Not quite - see above.

sneakyimp;11043675 wrote:
Can we agree that var_no is not especially valuable data and that the hashes are the real story? Or are the values in var_hash interesting? I'm guessing that it looks something like a "reversed" array of some kind...sort of like an associative array with var hashes as keys and ulongs as values. Something like:
$var_hash = array(
  "abcdef1234567890abedef" => 1,
  "1324abdeadbeef1343adfa" => 2,
  "234343482428348234aadb" => 3,
  "aabeababaedeadbeefdea3" => 4,
  "afafssadfsadfsadfasdsa" => 5
);

I would agree with the above, but again - I'm not 100% confident I understand how this function fits into the grander scheme that is the PHP engine.

sneakyimp;11043675 wrote:
Last (perhaps most important) question: Any suggestions on how I can work on my tiny PECL extension and get it to run in a debugger so I step through the code line by line and inspect values, etc.?

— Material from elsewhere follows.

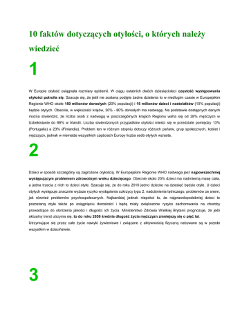 10 faktów dotyczących otyłości, o których należy wiedzieć 1 W Europie otyłość osiągnęła rozmiary epidemii. W ciągu ostatnich dwóch dziesięcioleci częstość występowania otyłości potroiła się. Szacuje się, że jeśli nie zostaną podjęte żadne działania to w niedługim czasie w Europejskim Regionie WHO około 150 milionów dorosłych (20% populacji) i 15 milionów dzieci i nastolatków (10% populacji) będzie otyłych. Obecnie, w większości krajów, 30% - 80% dorosłych ma nadwagę. Na podstawie dostępnych danych można stwierdzić, że liczba osób z nadwagą w poszczególnych krajach Regionu waha się od 28% mężczyzn w Uzbekistanie do 66% w Irlandii. Liczba stwierdzonych przypadków otyłości mieści się w przedziale pomiędzy 13% (Portugalia) a 23% (Finlandia). Problem ten w różnym stopniu dotyczy różnych państw, grup społecznych, kobiet i mężczyzn, jednak w niemalże wszystkich częściach Europy liczba osób otyłych wzrasta. 2 Dzieci w sposób szczególny są zagrożone otyłością. W Europejskim Regionie WHO nadwaga jest najpowszechniej występującym problemem zdrowotnym wieku dziecięcego. Obecnie około 20% dzieci ma nadmierną masę ciała, a jedna trzecia z nich to dzieci otyłe. Szacuje się, że do roku 2010 jedno dziecko na dziesięć będzie otyłe. U dzieci otyłych występuje znacznie wyższe ryzyko wystąpienia cukrzycy typu 2, nadciśnienia tętniczego, problemów ze snem, jak również problemów psychospołecznych. Najbardziej jednak niepokoi to, że najprawdopodobniej dzieci te pozostaną otyłe także po osiągnięciu dorosłości i będą miały zwiększone ryzyko zachorowania na choroby prowadzące do obniżenia jakości i długości ich życia. Ministerstwo Zdrowia Wielkiej Brytanii prognozuje, że jeśli aktualny trend utrzyma się, to do roku 2050 średnia długość życia mężczyzn zmniejszy się o pięć lat. Utrzymujące się przez całe życie nawyki żywieniowe i związane z aktywnością fizyczną nabywane są w przede wszystkim w dzieciństwie. 3 Otyłość jest rezultatem niepożądanego przyrostu masy ciała, spowodowanego dodatnim bilansem energetycznym – spożywaniem większej ilości kalorii niż jest zużywane przez daną osobę. Ludzie otyli mają zwiększone ryzyko rozwoju wielu poważnych schorzeń, takich jak cukrzyca insulinoniezależna (typu 2), choroba wieńcowa, nadciśnienie tętnicze i udary mózgu, choroby pęcherzyka żółciowego, niektóre rodzaje raka (raka endometrium, jajników, piersi, szyjki macicy, prostaty, jelita grubego, pęcherzyka żółciowego, trzustki, wątroby i nerek) oraz pojawienia się problemów psychospołecznych. Najczęściej stosowanym wskaźnikiem stanu odżywienia, pozwalającym określić występowanie otyłości, jest wskaźnika masy ciała (BMI Body Mass Index). BMI to stosunek masy ciała wyrażony w kilogramach do wzrostu 2 mierzonego w metrach podniesionego do kwadratu (BMI = masa ciała kg/ wzrost m ). W przypadku osób dorosłych prawidłowy BMI mieści się w przedziale od 18,5 do 24,9. BMI równy bądź większy niż 25, ale mniejszy niż 30 wskazuje na nadwagę, zaś równy bądź wyższy niż 30 – na otyłość. W Europejskim Regionie WHO nadmierna masa ciała stanowi przyczynę jednego miliona zgonów rocznie. 4 Społeczne koszty otyłości są ogromne. W Europejskim Regionie WHO aż do 6% wydatków na zdrowie ponoszone jest na leczenie chorób osób dorosłych spowodowanych właśnie otyłością. Na przykład w Hiszpanii całkowite koszty, powiązane z otyłością szacowane są na kwotę około 2,5 miliarda EUR rocznie. Dane ze Stanów Zjednoczonych wskazują, że w porównaniu z osobami o prawidłowej masie ciała, roczne wydatki na opiekę zdrowotną osób otyłych są o 36% wyższe. Ludzie otyli, między innymi z powodu złego stanu zdrowia, są dużo częściej nieobecni w pracy. W ostatecznym rozrachunku należy również uwzględnić inne koszty społeczne, takie jak na przykład osiąganie słabych wyników w szkole czy też dyskryminacja w miejscu pracy. 5 W większości krajów Europejskiego Regionu WHO otyłość jest dużo częstsza w środowiskach najuboższych, które charakteryzują się niższym dochodem, niższym poziomem wykształcenia i gorszym dostępem do opieki. Przypuszcza się, że otyłość jest z jednej strony wyrazem nierówności, a z drugiej strony dodatkowo ją pogłębia. Stanowi to swoiste błędne koło. Wybory dotyczące racjonalnego odżywiania się i aktywności fizycznej dokonywane przez ludzi (w szczególności tych, którzy znajdują się w niekorzystnej sytuacji życiowej) podlegają ograniczeniom strukturalnym, społecznym, organizacyjnym, finansowym i innym. Na przykład we Francji porcja owoców i warzyw dostarczająca 100 kilokalorii, ma około pięć razy wyższą wartość odżywczą niż równoważna pod względem energetycznym ilość innej żywności, ale jest także pięć razy droższa. Ludzie posiadający niskie dochody mają zwykle ograniczony dostęp do obiektów sportowych i klubów fitness, a okolice, w których mieszkają nie zawsze sprzyjają podejmowaniu aktywności fizycznej. Badania wskazują, że w szybko rozwijających się uboższych krajach występuje gwałtowny wzrost liczby przypadków otyłości. Najwięcej otyłych żyje natomiast w krajach zamożniejszych, które charakteryzują się większą przepaścią pomiędzy dochodami bogatych i biednych. 6 Przyczyny epidemii otyłości są złożone. Wiele zjawisk składa się na pojęcie tzw. „środowiska sprzyjającego otyłości”. Są to przede wszystkim takie czynniki jak polityka gospodarcza, struktura współczesnego społeczeństwa, rozwój społeczno-ekonomiczny (większa liczba osób mieszkająca w miasteczkach i miastach, jeżdżąca samochodami, prowadząca siedzący tryb życia w pracy i w domu, kupująca żywność przetworzoną itd.) W Europejskim Regionie WHO dwie trzecie populacji mieszka w miastach i miasteczkach

'Fraid I can't help you there. What little PHP compilation I've ever done has been on Ubuntu or Cygwin, and I've never compiled it with the aim of debugging it.

Are you compiling on Windows? Seems like they should have some sort of ability to provide or generate a VS solution for easy debugging. I say that having never gone looking for that ability, though, so YMMV.

sneakyimp

Thanks a million (again) for clarifications. They really really help. This one function is used by the function [man]serialize[/man] to help it recognize when it has already serialized an array or object -- this is important when trying to serialize looping or self-referential data structures -- like an array that has itself as a member somewhere.

I'm compiling and coding on Ubuntu. I have managed, through a long and arduous process, to get Eclipse CDT to step through my code, but I still must configure/make manually in a terminal window. I wish there were some way to set up my Eclipse CDT project (which includes all the source in the entire PHP project to re-build my extension (and ONLY my extension) when I make changes to it.